After enrolment, venous blood samples obtained after a 12 h overnight fast. Baseline serum total cholesterol (TC), HDL-cholesterol (HDL-C), LDL-cholesterol (LDL-C), triglycerides (TG) and fasting blood glucose (FBG) levels were determined. Serum TC, HDL-C, LDL-C and TG were measured using an enzymatic method. Blood glucose was measured by the glucose oxidation technique. Patients with a baseline TC less than 200 mg/dL were excluded from the study. Demographic characteristics including age, sex, weight, height, waist and hip circumference and blood pressure were recorded at the beginning of the study by a nurse. Weight was measured to the nearest 100 g using an electronic scale (Seca®, Model 767, Hamburg, Germany). Standing height was measured using a height rod (Seca®, Model 220, Hamburg, Germany). Waist circumference was measured using a non-stretch tape with the subject in the standing position, at a point midway between the lower costal margin and the top of the iliac crest. Hip circumference was measured in the standing position over the maximum circumference of the buttocks. Body mass index (BMI) was calculated as the ratio of weight in kilograms divided by height in meters squared.A BMI of 25 kg/m2 or over was considered obese [22].

Patients in the probiotics group were given a probiotic containing capsule containing Lactobacillus acidophilus (minimum of 109cfu/ capsule) and Bifidobacterium bifidum (minimum of 109cfu/ capsule) (Infloran®, Berna, Switzerland) thrice daily for six weeks. Patients in the control group took placebo capsules thrice daily for six weeks, as in the probiotics group. Patients assigned to the control group were given a placebo capsule identical in size and colour to the probiotic capsule. Two weeks of capsules were provided to the patients and patients were asked to visit the clinic every two weeks with the remaining capsules in order to measure compliance. New capsules were provided to patients at every visit.

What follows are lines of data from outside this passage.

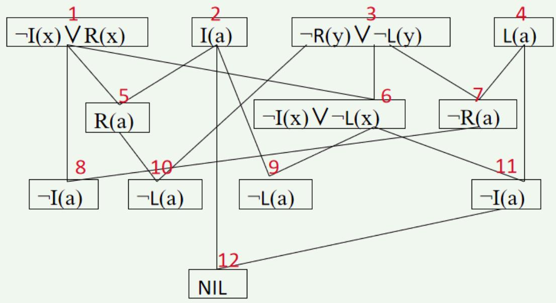 设有子句集 ,其中¬I(x)∨R(x)是目标公式否定后得到的字句。
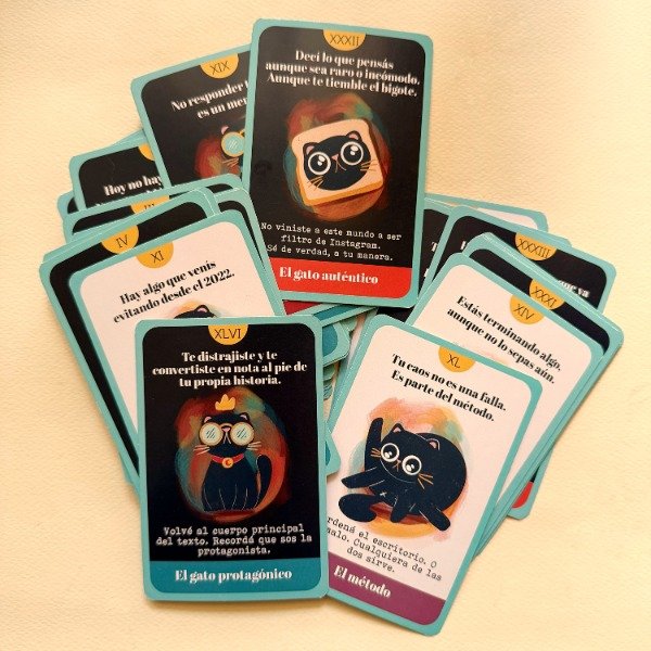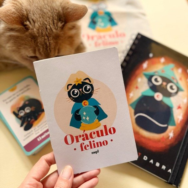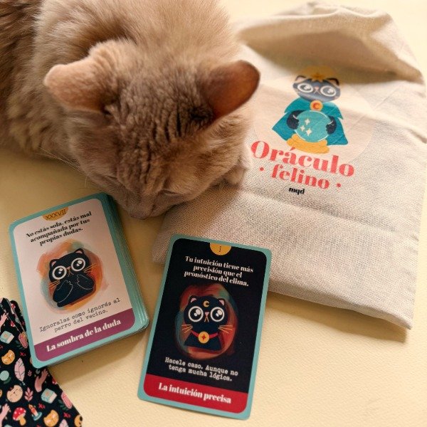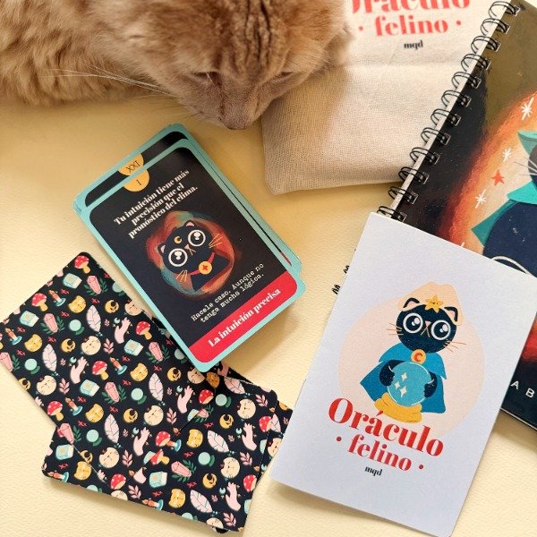 EL Oraculo felino son 48 cartas ilustradas + fanzine + cuaderno + bolsita de tela para guardar todo!
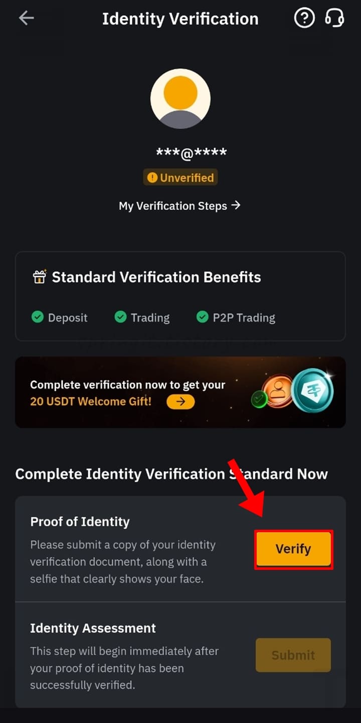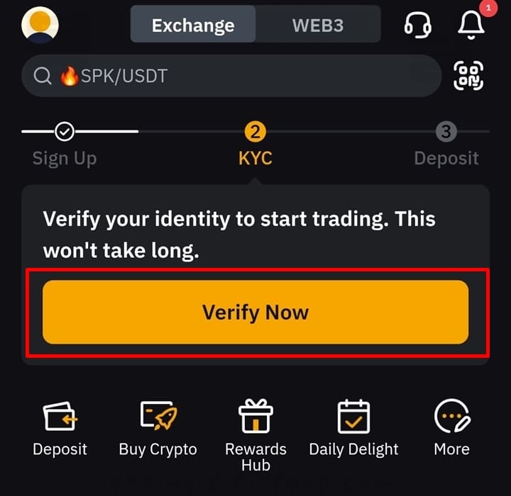 혹시 실수로 환영 화면을 닫으셨다면 바이비트 메인 홈 화면 위에 표시된 Verify Now 버튼을 눌러 KYC 인증 절차를 진행할 수 있습니다. 참고로 KYC 인증을 진행해야지만 입출금 및 현물/선물 거래가 가능해지는 만큼 바이비트 가입시 필수로 진행하셔야 합니다.
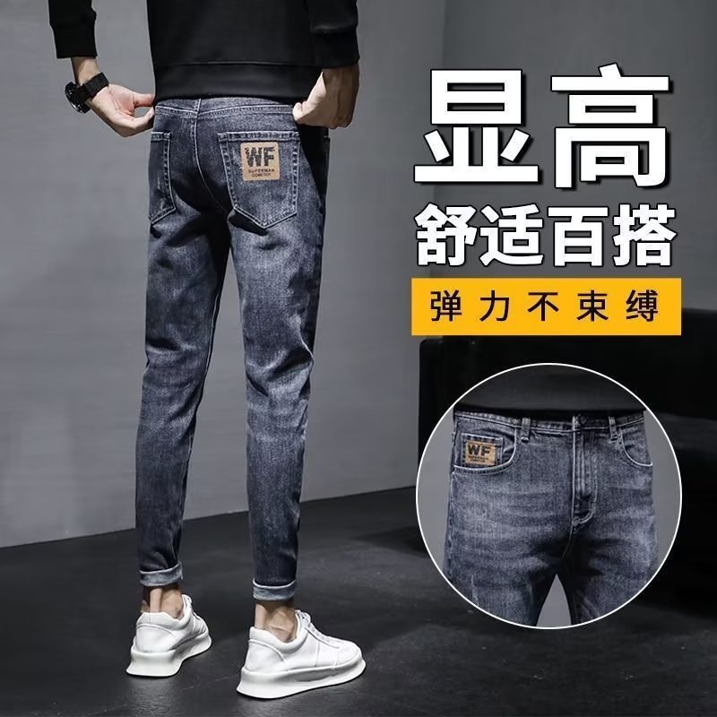 ジーパンの男性の夏の薄いタイプの弾力性の修身の小さい足の2025年の新型のファッションのブランドの男性のカジュアルな百合の9分のズボン
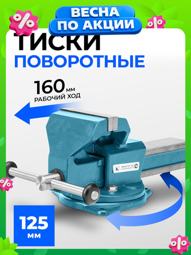 Тиски слесарные поворотные ГЛАЗОВ, 125 мм ширина рабочих губок, настольные, корпус из чугуна ВЧ50, губки из стали 50Х, рельефные прижимные губки, Россия, 18665
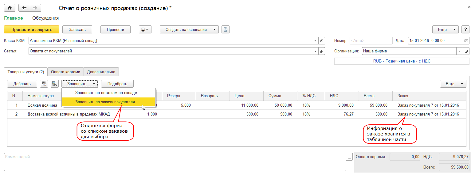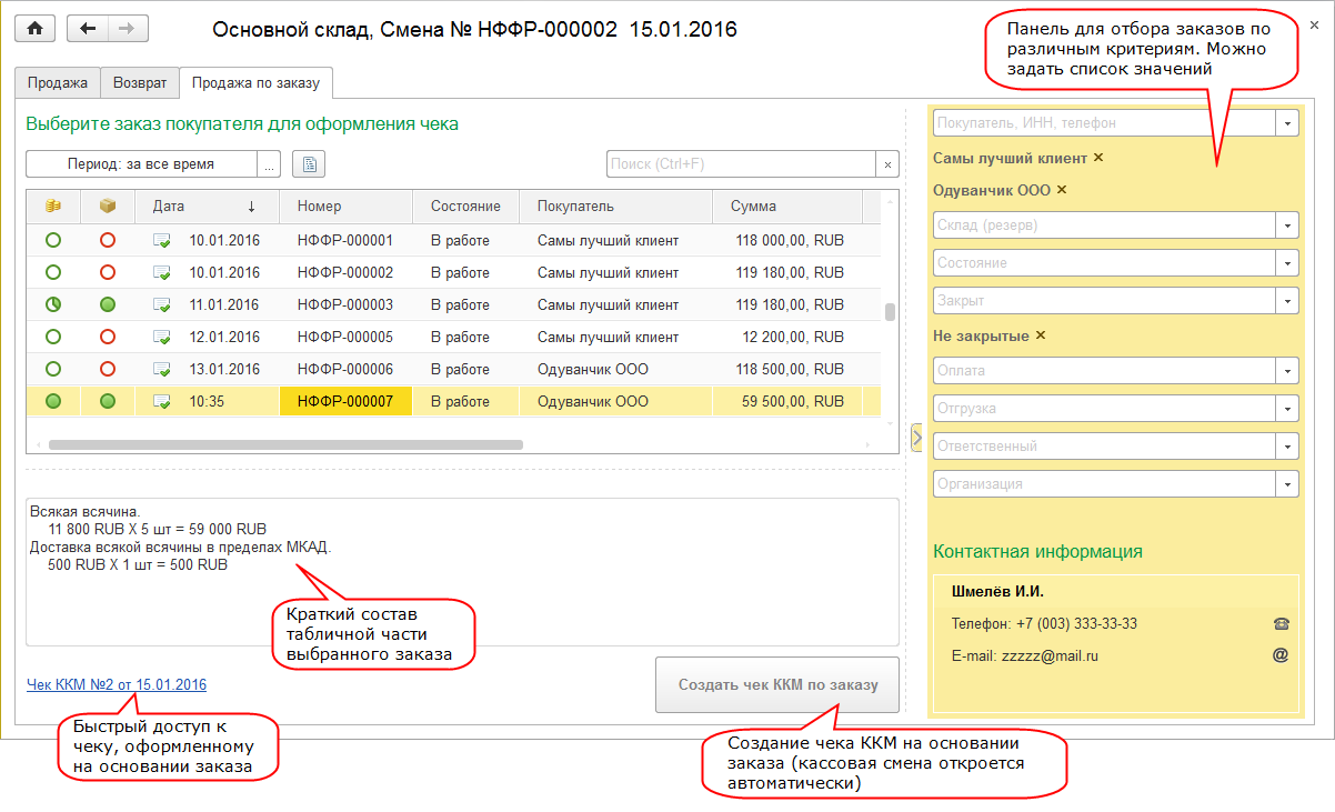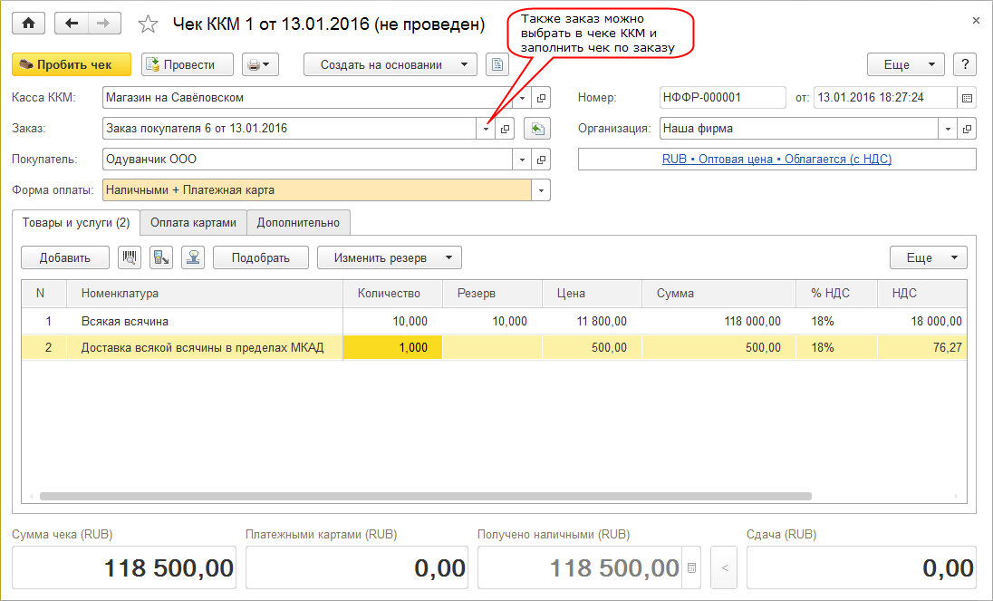 Также можно сказать, что теперь заказы покупателей можно отгружать и оплачивать чеками ККМ.

At the end of the study (week 6), blood samples were collected and were tested for TC, HDL-C, LDL-C, TG and FBG, using the same procedure as at enrolment. Demographic data of patients were recorded using the same method as at the beginning of the study. Open ended questions were used to assess side-effects of taking capsules in both groups. The sum of capsule intake was used to assess compliance.

Outcome Measurements

The primary outcome was level of total cholesterol at the end of study, compared to that at the beginning of the study. Changes in other serum lipids and fasting blood glucose levels and demographic characteristics were assessed as secondary outcomes.

Statistical Analysis

The normality of distributions of continuous variables was assessed by Kolmogorov-Smirnov test. Normally distributed variables were presented as means and standard deviations. Non-normally distributed variables were presented as medians and interquartile ranges. The Pearson chi-square or Fisher-exact test was used, where appropriate, to compare proportions between groups. Normally distributed continuous group data were compared using the student’s t-test. Non-normally distributed group data were compared using the Mann-Whitney U-test.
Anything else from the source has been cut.